## [RECORDS SUPPLIED]
--------------------------------
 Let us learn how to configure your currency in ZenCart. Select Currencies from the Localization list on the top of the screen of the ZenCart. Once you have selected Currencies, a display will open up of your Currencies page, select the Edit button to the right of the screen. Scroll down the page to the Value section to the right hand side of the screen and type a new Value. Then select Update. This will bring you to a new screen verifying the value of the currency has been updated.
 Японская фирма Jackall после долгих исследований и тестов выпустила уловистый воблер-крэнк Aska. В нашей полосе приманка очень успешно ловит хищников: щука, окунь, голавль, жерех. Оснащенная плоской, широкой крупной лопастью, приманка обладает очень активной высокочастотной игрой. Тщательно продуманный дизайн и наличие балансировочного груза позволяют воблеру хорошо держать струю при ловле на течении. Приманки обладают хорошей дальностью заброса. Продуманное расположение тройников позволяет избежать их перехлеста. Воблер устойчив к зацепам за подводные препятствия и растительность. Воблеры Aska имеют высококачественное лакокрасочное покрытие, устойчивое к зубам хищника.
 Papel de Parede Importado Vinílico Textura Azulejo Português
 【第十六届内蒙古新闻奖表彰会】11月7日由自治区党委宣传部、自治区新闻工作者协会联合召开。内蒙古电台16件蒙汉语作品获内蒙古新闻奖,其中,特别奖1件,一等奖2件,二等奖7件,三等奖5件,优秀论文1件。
--------------------------------
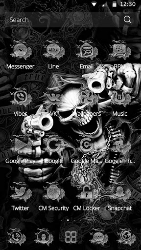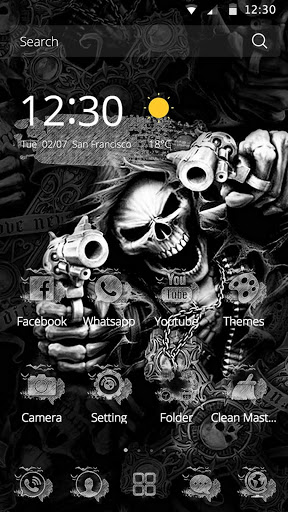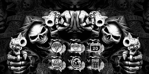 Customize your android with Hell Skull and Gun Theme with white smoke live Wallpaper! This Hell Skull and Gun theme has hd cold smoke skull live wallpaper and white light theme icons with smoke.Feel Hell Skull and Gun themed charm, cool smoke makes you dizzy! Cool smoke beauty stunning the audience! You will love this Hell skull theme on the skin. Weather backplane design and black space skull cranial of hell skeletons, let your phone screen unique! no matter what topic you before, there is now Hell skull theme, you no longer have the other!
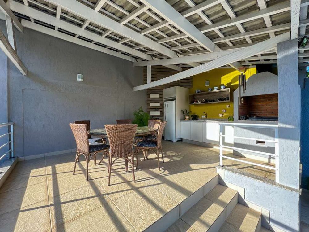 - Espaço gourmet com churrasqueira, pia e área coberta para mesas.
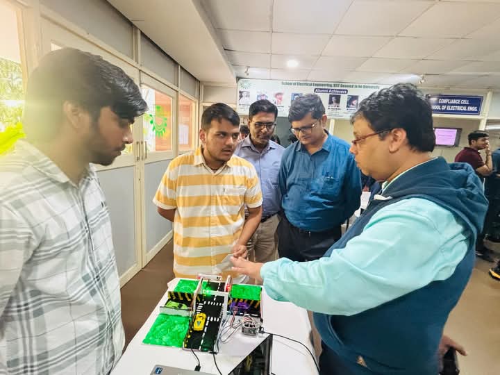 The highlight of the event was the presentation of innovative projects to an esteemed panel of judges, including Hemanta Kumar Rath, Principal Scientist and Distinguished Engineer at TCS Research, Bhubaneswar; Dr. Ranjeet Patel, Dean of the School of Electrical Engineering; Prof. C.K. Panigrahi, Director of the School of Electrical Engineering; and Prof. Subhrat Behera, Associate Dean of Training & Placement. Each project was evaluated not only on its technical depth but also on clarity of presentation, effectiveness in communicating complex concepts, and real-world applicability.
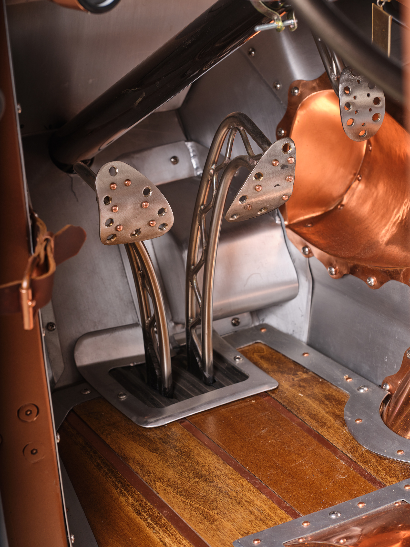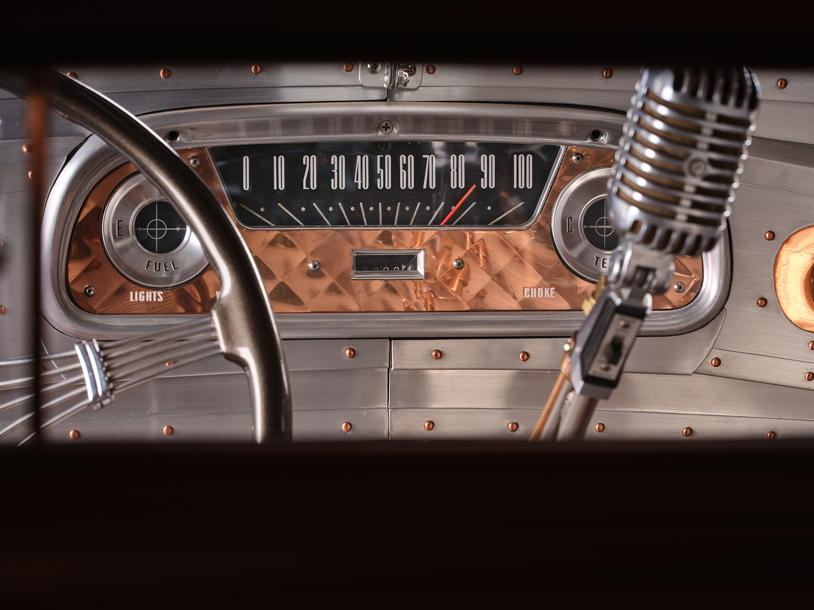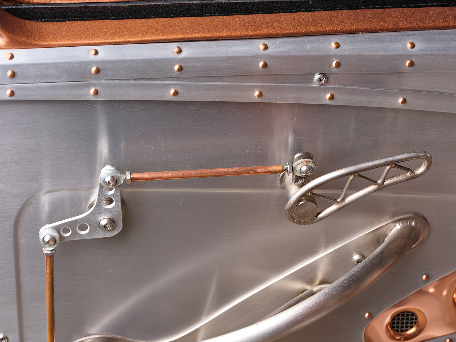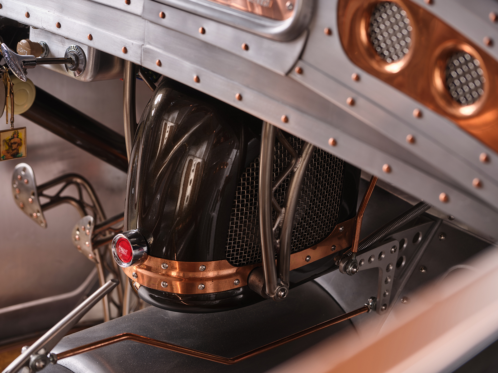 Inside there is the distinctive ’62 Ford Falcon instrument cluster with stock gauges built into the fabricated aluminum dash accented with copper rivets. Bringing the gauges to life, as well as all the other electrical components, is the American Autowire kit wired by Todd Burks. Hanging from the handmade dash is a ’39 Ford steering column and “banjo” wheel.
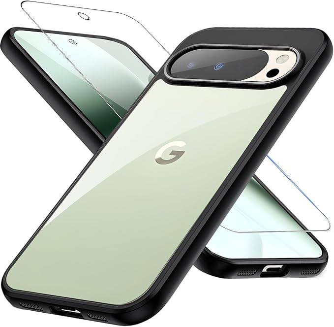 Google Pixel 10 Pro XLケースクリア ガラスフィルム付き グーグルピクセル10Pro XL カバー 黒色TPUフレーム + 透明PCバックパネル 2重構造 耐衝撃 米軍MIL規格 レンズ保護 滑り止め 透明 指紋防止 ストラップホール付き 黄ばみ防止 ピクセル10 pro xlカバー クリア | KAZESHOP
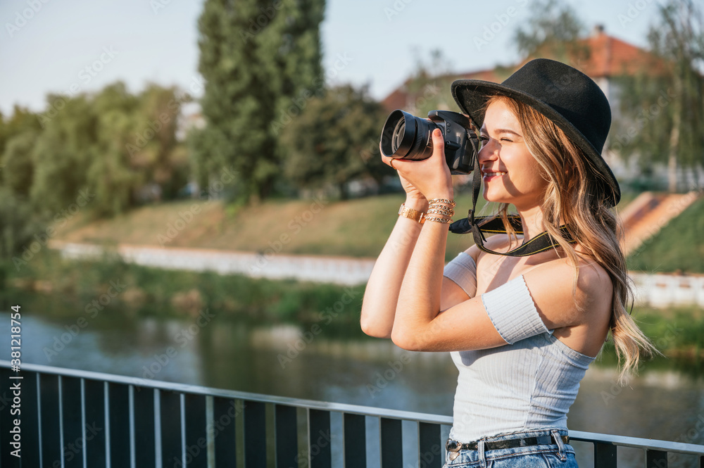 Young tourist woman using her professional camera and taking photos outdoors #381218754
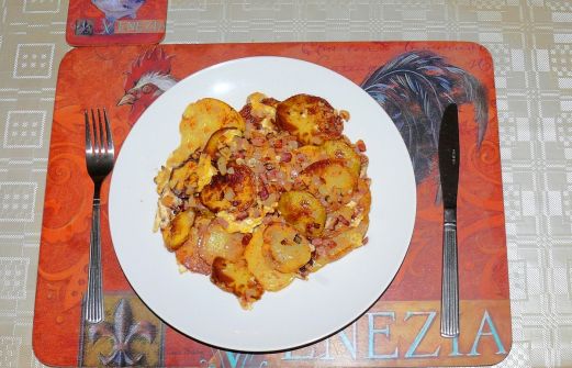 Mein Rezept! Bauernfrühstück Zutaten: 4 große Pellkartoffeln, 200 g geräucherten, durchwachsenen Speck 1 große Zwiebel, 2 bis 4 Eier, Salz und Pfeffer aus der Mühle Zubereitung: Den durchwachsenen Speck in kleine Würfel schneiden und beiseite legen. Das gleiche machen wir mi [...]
--------------------------------
Look above for the line containing "Young tourist woman", then write out every line from there down to the line containing "Mein Rezept! Bauernfrühstück", that line included, with no pictures.

 Young tourist woman using her professional camera and taking photos outdoors #381218754
 Mein Rezept! Bauernfrühstück Zutaten: 4 große Pellkartoffeln, 200 g geräucherten, durchwachsenen Speck 1 große Zwiebel, 2 bis 4 Eier, Salz und Pfeffer aus der Mühle Zubereitung: Den durchwachsenen Speck in kleine Würfel schneiden und beiseite legen. Das gleiche machen wir mi [...]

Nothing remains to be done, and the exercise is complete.